**WHAT YOU ARE ASKED TO DO**. The answer must repeat every record exactly, with no pictures in it.

**DATA FOR ANALYSIS**.
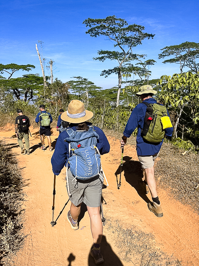 Life-changing. It’s too often said and written. But while I’m putting one gaiter-covered leg in front of the other, and striding comfortably with fancy carbon hiking poles, something in me switches on. The narrow singletrack trails we’re hiking have dry-season grasses bending over them, and there are protruding rocks in random places, so my eyes are busy flicking up from where I am to where I’m going. I try, as often as I can, to look up, because I can’t believe what I’m seeing. At one point, I round a bend and the view of sharp mountains in the distance comes into focus. I do a double-take: I could be in the European Alps. I came here expecting heat and unforgiving terrain: Instead, I find amazement.
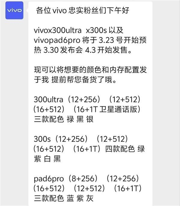 快科技3月14日消息,一名vivo销售人员近日透露,备受期待的vivo X300 Ultra与vivoPad6Pro将于3月23日开启预热,这两款新品预计在3月30日正式发布,并紧接着于4月3日正式上市销售。
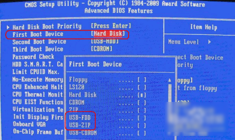 然后,有了系统文件和可启动电脑的U盘,然后再设置电脑从U盘启动。按DEL进入BIOS,将里面的“First Boot Device”选择为“USB-ZIP”。
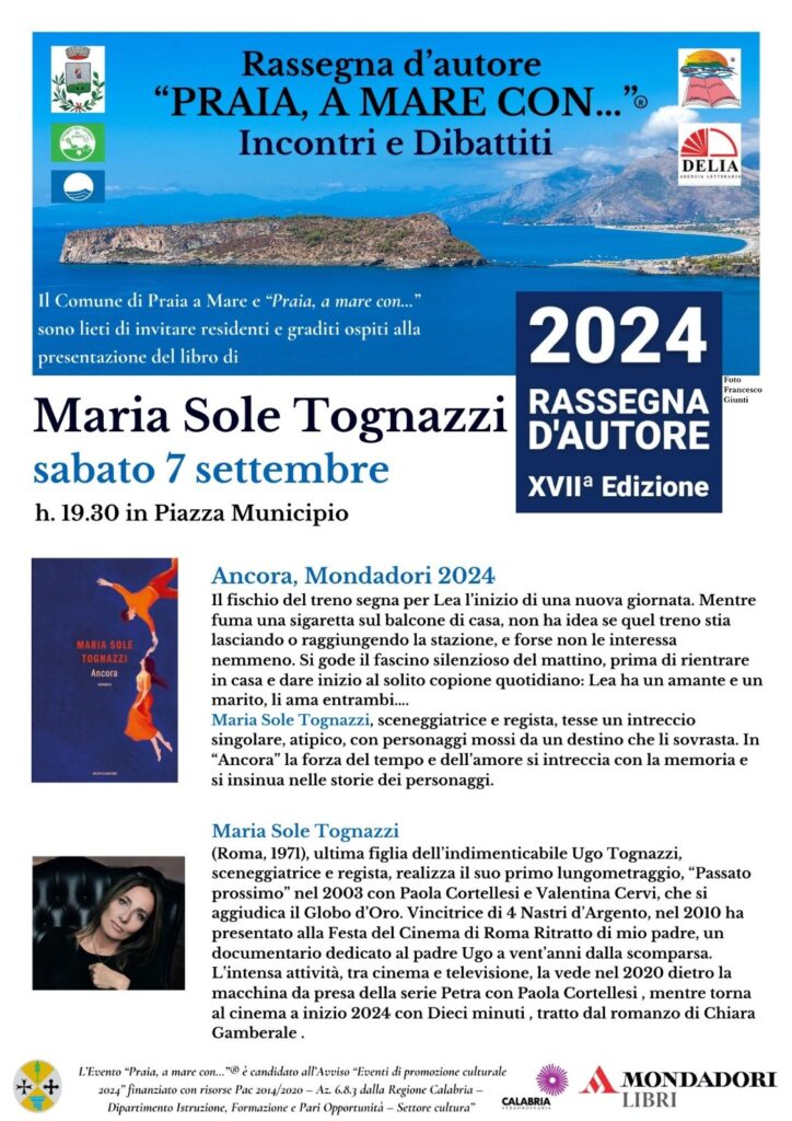 Anche settembre si presenta ricco di appuntamenti; continua infatti la kermesse letteraria ideata e moderata dal giornalista di Panorama, Egidio Lorito. Sabato 07 settembre, alle ore 19.30, il salotto di “Praia, a mare con…”, allestito in piazza Municipio, ospiterà Maria Sole Tognazzi. La sceneggiatrice e regista, nonché ultima figlia di Ugo Tognazzi, presenterà il suo romanzo “Ancora”.
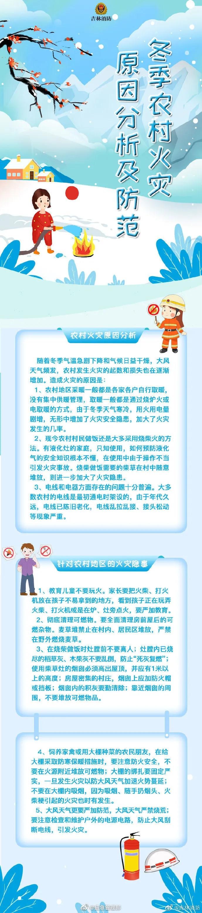冬季天干物燥,是農(nóng)村火災(zāi)的高發(fā)季節(jié)。一場火災(zāi)可能燒沒了村民辛苦多年的心血,甚至可能造成人員傷亡。農(nóng)村消防安全需要格外關(guān)注!讓我們一起了解農(nóng)村火災(zāi)發(fā)生的原因和防范重點。

**ANSWER FOR THE TASK**.
 Life-changing. It’s too often said and written. But while I’m putting one gaiter-covered leg in front of the other, and striding comfortably with fancy carbon hiking poles, something in me switches on. The narrow singletrack trails we’re hiking have dry-season grasses bending over them, and there are protruding rocks in random places, so my eyes are busy flicking up from where I am to where I’m going. I try, as often as I can, to look up, because I can’t believe what I’m seeing. At one point, I round a bend and the view of sharp mountains in the distance comes into focus. I do a double-take: I could be in the European Alps. I came here expecting heat and unforgiving terrain: Instead, I find amazement.
 快科技3月14日消息,一名vivo销售人员近日透露,备受期待的vivo X300 Ultra与vivoPad6Pro将于3月23日开启预热,这两款新品预计在3月30日正式发布,并紧接着于4月3日正式上市销售。
 然后,有了系统文件和可启动电脑的U盘,然后再设置电脑从U盘启动。按DEL进入BIOS,将里面的“First Boot Device”选择为“USB-ZIP”。
 Anche settembre si presenta ricco di appuntamenti; continua infatti la kermesse letteraria ideata e moderata dal giornalista di Panorama, Egidio Lorito. Sabato 07 settembre, alle ore 19.30, il salotto di “Praia, a mare con…”, allestito in piazza Municipio, ospiterà Maria Sole Tognazzi. La sceneggiatrice e regista, nonché ultima figlia di Ugo Tognazzi, presenterà il suo romanzo “Ancora”.
冬季天干物燥,是農(nóng)村火災(zāi)的高發(fā)季節(jié)。一場火災(zāi)可能燒沒了村民辛苦多年的心血,甚至可能造成人員傷亡。農(nóng)村消防安全需要格外關(guān)注!讓我們一起了解農(nóng)村火災(zāi)發(fā)生的原因和防范重點。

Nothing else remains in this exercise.